* WHAT THE EXERCISE ASKS
Exclude the pictures, then restate every entry below exactly.

* Collection entries
==============================
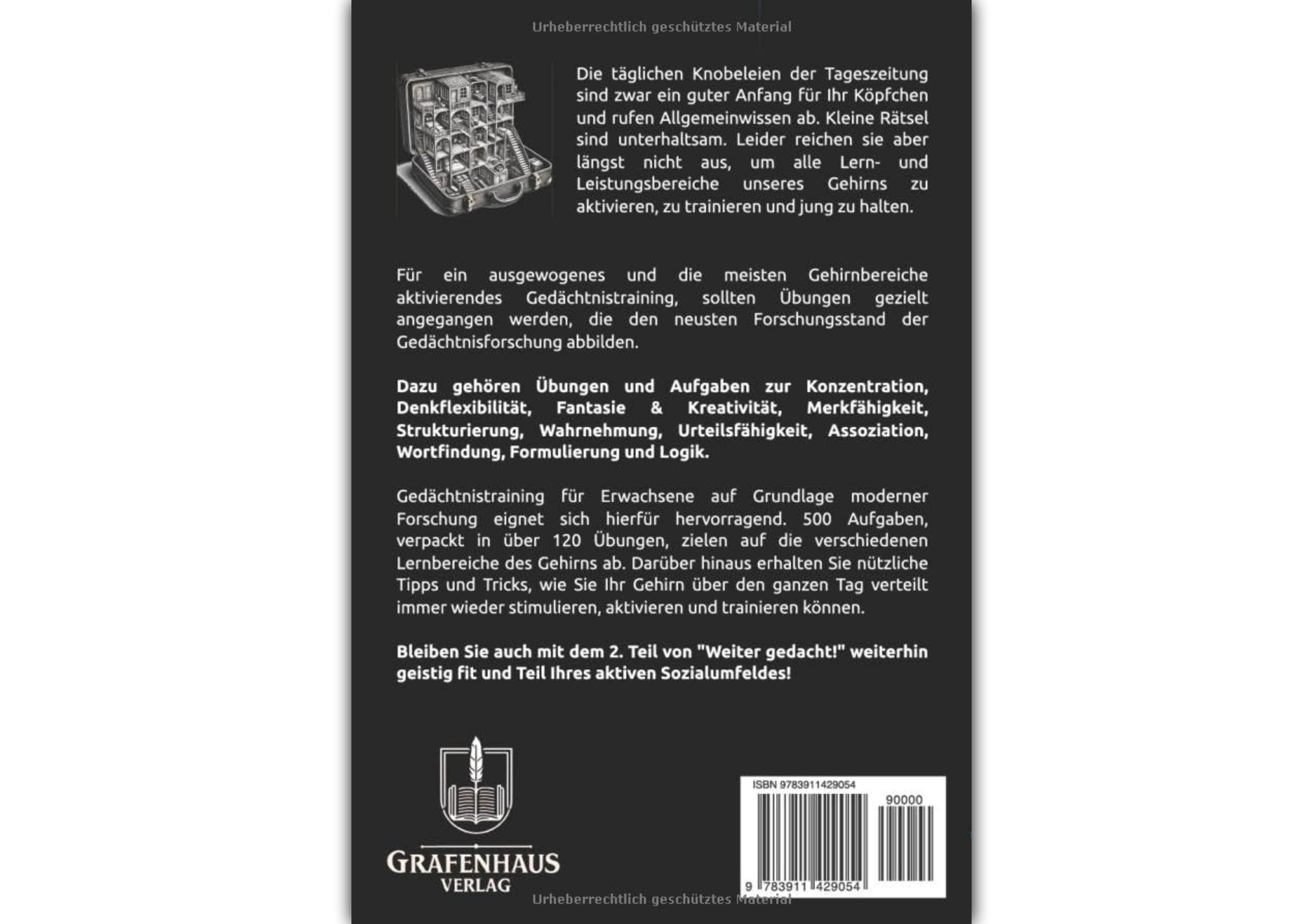 Nur durch eine Vielzahl unterschiedlicher Übungen können die verschiedenen Gehirnareale angesprochen und aus dem sog. Standby-Modus geholt werden. Jeder sollte regelmäßig kognitive Leistungen abrufen und trainieren. Also: Weiterdenken! Gedächtnistraining für Erwachsene auf Grundlage moderner Forschung eignet sich hierfür hervorragend. 500 Aufgaben, verpackt in über 120 Übungen, zielen auf die verschiedenen Lernbereiche des Gehirns ab. Darüber hinaus erhalten Sie nützliche Tipps und Tricks, wie Sie Ihr Gehirn über den ganzen Tag verteilt immer wieder stimulieren, aktivieren und trainieren können.
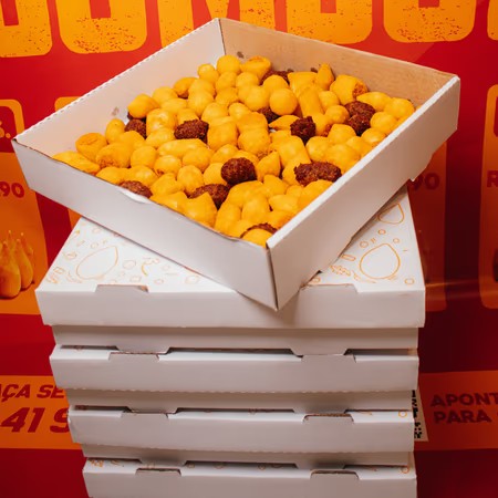 Caixa com 100 salgadinhos em até 5 sabores à sua escolha, para saborear e compartilhar.
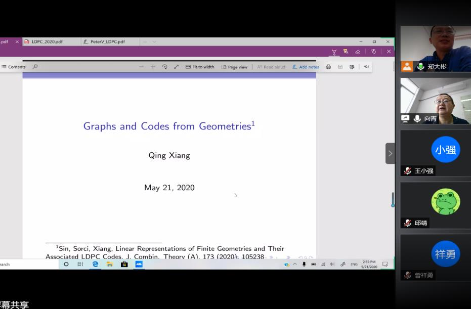 2020年5月21日下午,美国特拉华大学(University of Delaware)向青教授为我院部分老师和研究生带来了一场精彩的线上学术报告,报告通过腾讯会议在线举行,旨在帮助同学们理解几何、编码和图之间的关系。郑大彬教授主持本次会议,海角天涯社区网页入口登录院长曾祥勇教授以及数十名研究生参与报告的听取、讨论。
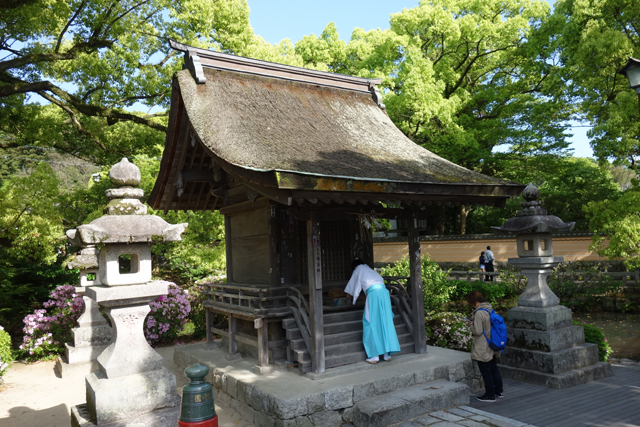 主道在穿過第二道鳥居後,隨「太鼓橋」攀升,劃穿了「心字池」,也將視野引入池外的林樹蔥蘢。池左較為開闊,島岩、噴泉,有著水線擊響攜來的爽冽躍動,右側則因兩座末社的佈局而顯得沉鬱,它們從橋徑岔生,幾許花叢伴點,以古樸墨簷在林蔭張出一隅靜謐。先遇上的是「今王社」,設計相對簡約,再過去的「志賀社」不僅簷線交錯挑飛,歷史也悠久,敬奉海神「綿津見」的它雖是室町時代重建之物,在幾番遭劫的神社裡,已成最古。這樣的佈局似乎也應和著橋徑的設計,前段橋身拉起的虹弧是過去,縱使曾大起大落都別太在意,珍惜著現刻,收攬貼水而望的景致,沉寂也是種恬淡福氣。
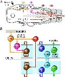 A, brain in dorsal view and the headâskin trigeminal pathways initiating swimming on the same or opposite sides. Dots show locations of the neuron populations, not their real numbers: touchâsensory trigeminal neurons (tSt, yellow), sensory pathway neurons (tIN, pale magenta; rdlc, red), electrically coupled reticulospinal excitatory neurons (dIN, brown). Fb, forebrain; hb, hindbrain; mb, midbrain; m, muscles; oc, otic capsule; sc, spinal cord; tg, trigeminal ganglion. B, functional diagram of the network including the central pattern generator (swim circuit) neurons: inhibitory interneurons (cIN, blue; aIN, purple) and motoneurons (mn, green). Continuous lines indicate evidence for a monosynaptic connection. Dashed lines indicate indirect connections (delay). Large circles represent populations of neurons. Small circles (inhibitory) and triangles (excitatory) are synapses and, when they contact a box, they connect to all neurons in the box. |
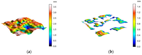 Extracting surface contact area for surface feature parameter calculation. (a) Original surface, (b) extracted contact areas.
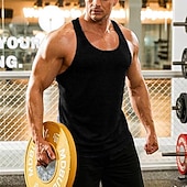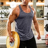 Highlights [Fabric:] Crafted from a comfortable blend of polyester and spandex, this men's tank top ensures breathability and flexibility. The fabric's moisture-wicking properties help keep you dry and comfortable during intense workouts. [Fit:] Designed with a classic slim-fit style, the tank top contours to the body for a flattering look. The wide armholes allow for an enhanced range of motion, ideal for weightlifting or high-intensity workouts. [Design Highlights:] This tank features a timeless crew neck and a plain, heathered gray color that adds a modern touch. Its versatile design effortlessly transitions from gym sessions to casual outings, making it a staple piece in any wardrobe. [Occasions:] Perfect for spring and summer seasons, this tank top is suitable for a variety of occasions such as vacations, streetwear, going out, or casual daily activities. It blends functionality with a sleek, fashionable style. [Size Range:] Available in a range of sizes from S to XXXL, this tank top caters to different body types, offering a comfortable and personalized fit for everyone.
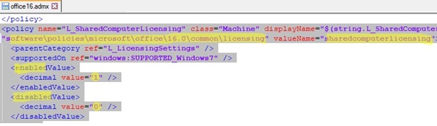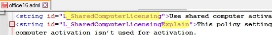 For example, Office 365 ProPlus (Microsoft 365 Apps) has a special mode for installing on an RDS server called Office Shared Activation. In this mode, you can use one copy of Microsoft 365 Apps for simultaneous work of several users (for activation, users must sign in under their accounts to which the Microsoft 365 subscription is linked, i.e. using online subscription activation instead of Office KMS activation). In order to use this mode, you need to enable the Use shared computer activation Group Policy setting from the Computer Configuration -> Administrative Templates -> Microsoft Office 2016 (Computer) –> License Settings section. The settings for this GPO option are in office16.admx file. Open this file using your favorite text editor.
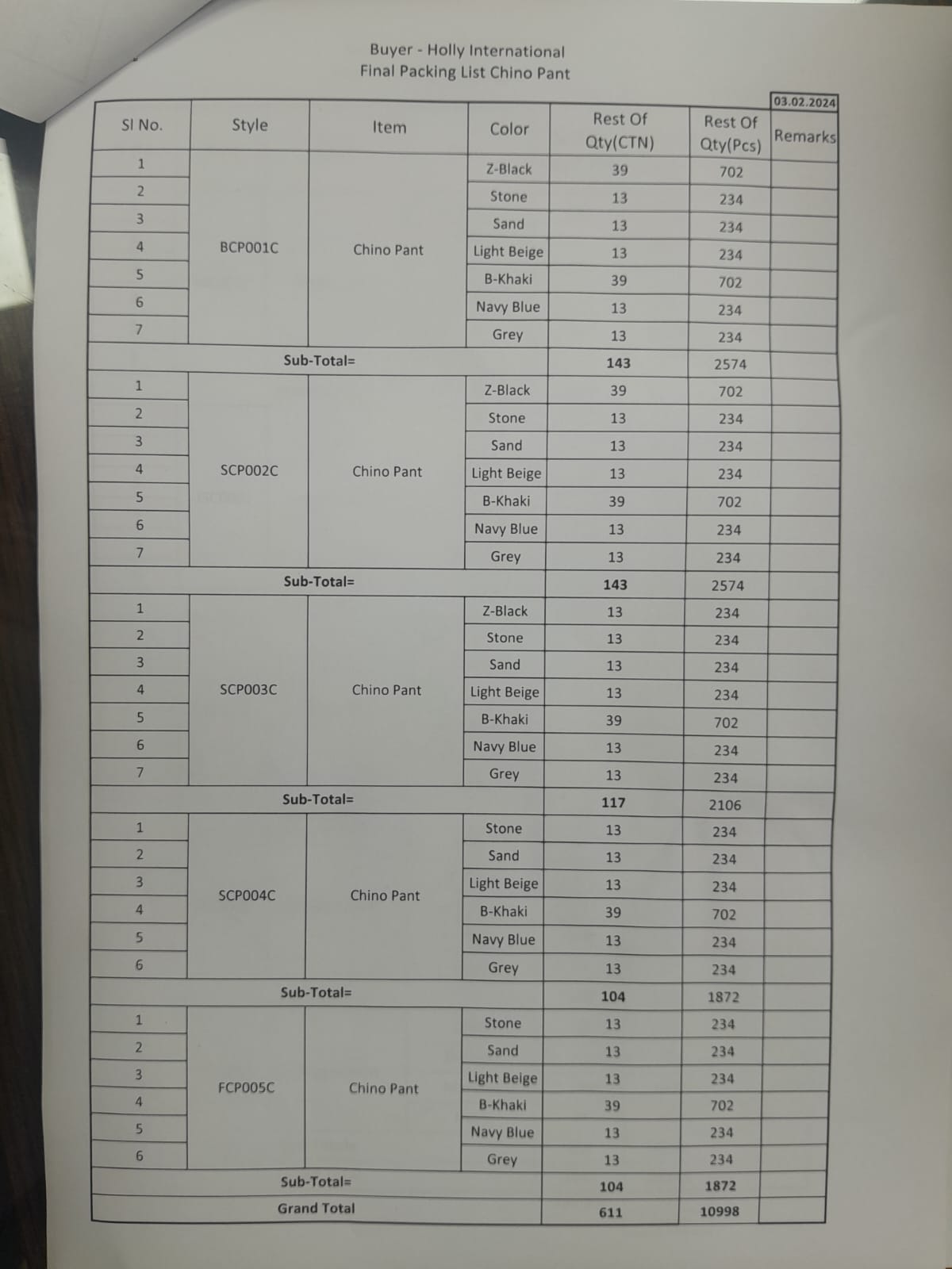 Total: 1 160 pcs.
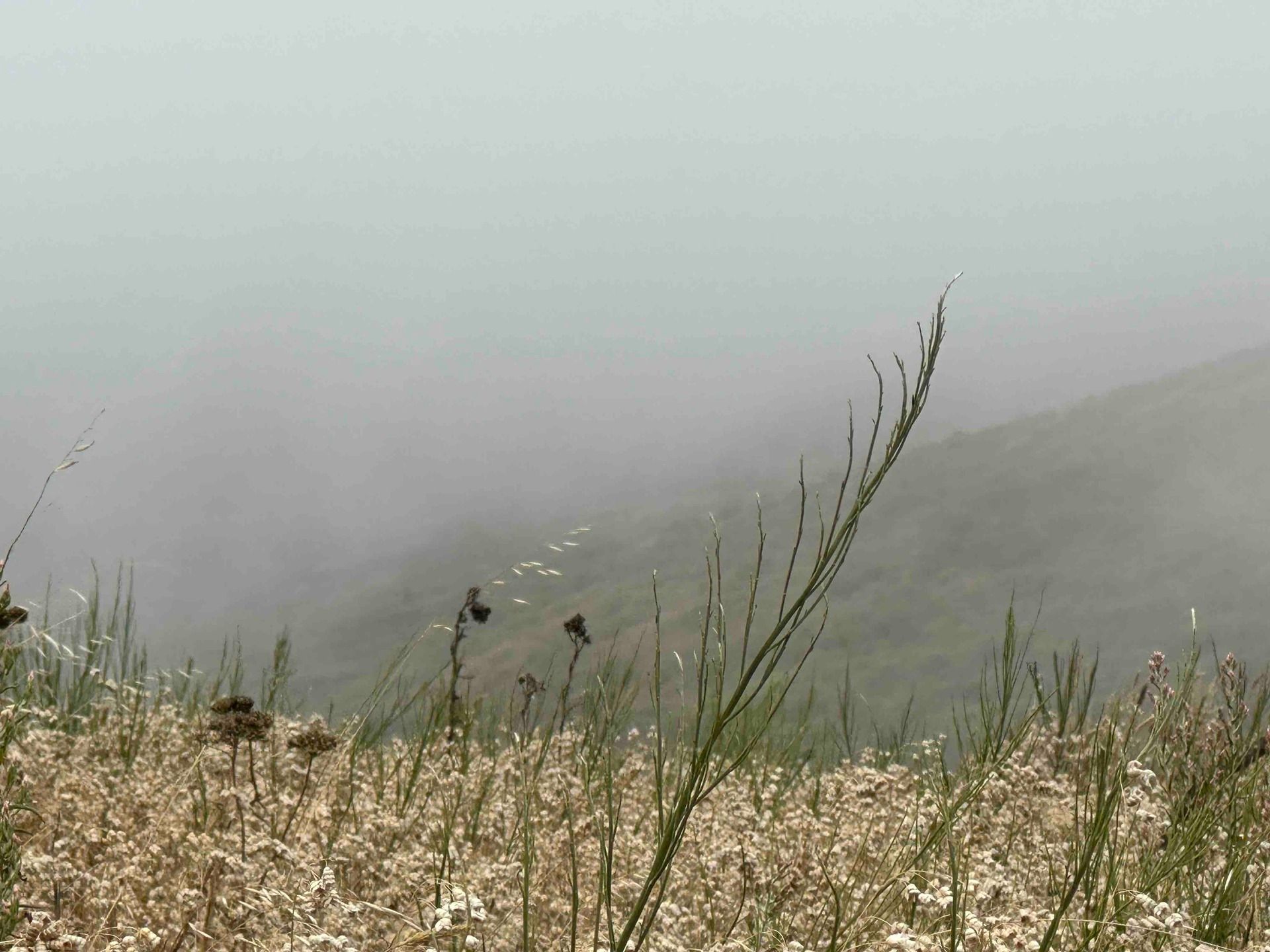 It was a gray day, windy, the sky invisible and the slopes across the various valleys and dells hidden behind big drifting fog banks. Spring was waning, but the land was still quite lush, the last flowers of the season flaring up in little spashes of color amidst the dense, mottled shades of chaparral green and dun that blanketed the steep, sweeping landscape.
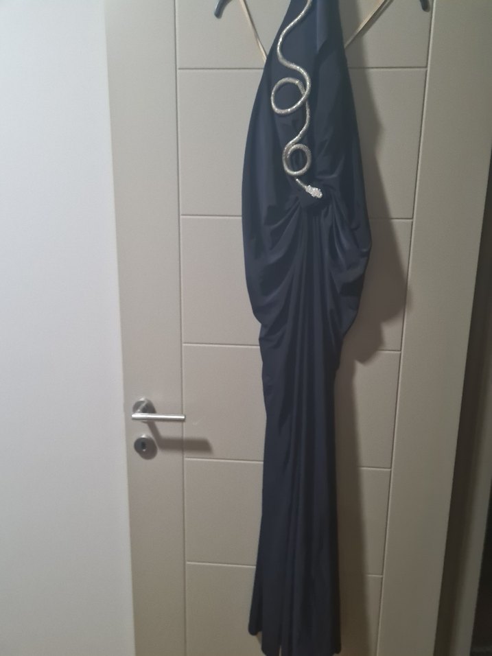 Drapeli ve yılan desenli siyah uzun elbise, halter yaka ve askılı kollara sahip. Gotik stil ve düğün için uygun.
==============================
* OUTPUT FOR THIS EXERCISE
 Nur durch eine Vielzahl unterschiedlicher Übungen können die verschiedenen Gehirnareale angesprochen und aus dem sog. Standby-Modus geholt werden. Jeder sollte regelmäßig kognitive Leistungen abrufen und trainieren. Also: Weiterdenken! Gedächtnistraining für Erwachsene auf Grundlage moderner Forschung eignet sich hierfür hervorragend. 500 Aufgaben, verpackt in über 120 Übungen, zielen auf die verschiedenen Lernbereiche des Gehirns ab. Darüber hinaus erhalten Sie nützliche Tipps und Tricks, wie Sie Ihr Gehirn über den ganzen Tag verteilt immer wieder stimulieren, aktivieren und trainieren können.
 Caixa com 100 salgadinhos em até 5 sabores à sua escolha, para saborear e compartilhar.
 2020年5月21日下午,美国特拉华大学(University of Delaware)向青教授为我院部分老师和研究生带来了一场精彩的线上学术报告,报告通过腾讯会议在线举行,旨在帮助同学们理解几何、编码和图之间的关系。郑大彬教授主持本次会议,海角天涯社区网页入口登录院长曾祥勇教授以及数十名研究生参与报告的听取、讨论。
 主道在穿過第二道鳥居後,隨「太鼓橋」攀升,劃穿了「心字池」,也將視野引入池外的林樹蔥蘢。池左較為開闊,島岩、噴泉,有著水線擊響攜來的爽冽躍動,右側則因兩座末社的佈局而顯得沉鬱,它們從橋徑岔生,幾許花叢伴點,以古樸墨簷在林蔭張出一隅靜謐。先遇上的是「今王社」,設計相對簡約,再過去的「志賀社」不僅簷線交錯挑飛,歷史也悠久,敬奉海神「綿津見」的它雖是室町時代重建之物,在幾番遭劫的神社裡,已成最古。這樣的佈局似乎也應和著橋徑的設計,前段橋身拉起的虹弧是過去,縱使曾大起大落都別太在意,珍惜著現刻,收攬貼水而望的景致,沉寂也是種恬淡福氣。
 A, brain in dorsal view and the headâskin trigeminal pathways initiating swimming on the same or opposite sides. Dots show locations of the neuron populations, not their real numbers: touchâsensory trigeminal neurons (tSt, yellow), sensory pathway neurons (tIN, pale magenta; rdlc, red), electrically coupled reticulospinal excitatory neurons (dIN, brown). Fb, forebrain; hb, hindbrain; mb, midbrain; m, muscles; oc, otic capsule; sc, spinal cord; tg, trigeminal ganglion. B, functional diagram of the network including the central pattern generator (swim circuit) neurons: inhibitory interneurons (cIN, blue; aIN, purple) and motoneurons (mn, green). Continuous lines indicate evidence for a monosynaptic connection. Dashed lines indicate indirect connections (delay). Large circles represent populations of neurons. Small circles (inhibitory) and triangles (excitatory) are synapses and, when they contact a box, they connect to all neurons in the box. |
 Extracting surface contact area for surface feature parameter calculation. (a) Original surface, (b) extracted contact areas.
 Highlights [Fabric:] Crafted from a comfortable blend of polyester and spandex, this men's tank top ensures breathability and flexibility. The fabric's moisture-wicking properties help keep you dry and comfortable during intense workouts. [Fit:] Designed with a classic slim-fit style, the tank top contours to the body for a flattering look. The wide armholes allow for an enhanced range of motion, ideal for weightlifting or high-intensity workouts. [Design Highlights:] This tank features a timeless crew neck and a plain, heathered gray color that adds a modern touch. Its versatile design effortlessly transitions from gym sessions to casual outings, making it a staple piece in any wardrobe. [Occasions:] Perfect for spring and summer seasons, this tank top is suitable for a variety of occasions such as vacations, streetwear, going out, or casual daily activities. It blends functionality with a sleek, fashionable style. [Size Range:] Available in a range of sizes from S to XXXL, this tank top caters to different body types, offering a comfortable and personalized fit for everyone.
 For example, Office 365 ProPlus (Microsoft 365 Apps) has a special mode for installing on an RDS server called Office Shared Activation. In this mode, you can use one copy of Microsoft 365 Apps for simultaneous work of several users (for activation, users must sign in under their accounts to which the Microsoft 365 subscription is linked, i.e. using online subscription activation instead of Office KMS activation). In order to use this mode, you need to enable the Use shared computer activation Group Policy setting from the Computer Configuration -> Administrative Templates -> Microsoft Office 2016 (Computer) –> License Settings section. The settings for this GPO option are in office16.admx file. Open this file using your favorite text editor.
 Total: 1 160 pcs.
 It was a gray day, windy, the sky invisible and the slopes across the various valleys and dells hidden behind big drifting fog banks. Spring was waning, but the land was still quite lush, the last flowers of the season flaring up in little spashes of color amidst the dense, mottled shades of chaparral green and dun that blanketed the steep, sweeping landscape.
 Drapeli ve yılan desenli siyah uzun elbise, halter yaka ve askılı kollara sahip. Gotik stil ve düğün için uygun.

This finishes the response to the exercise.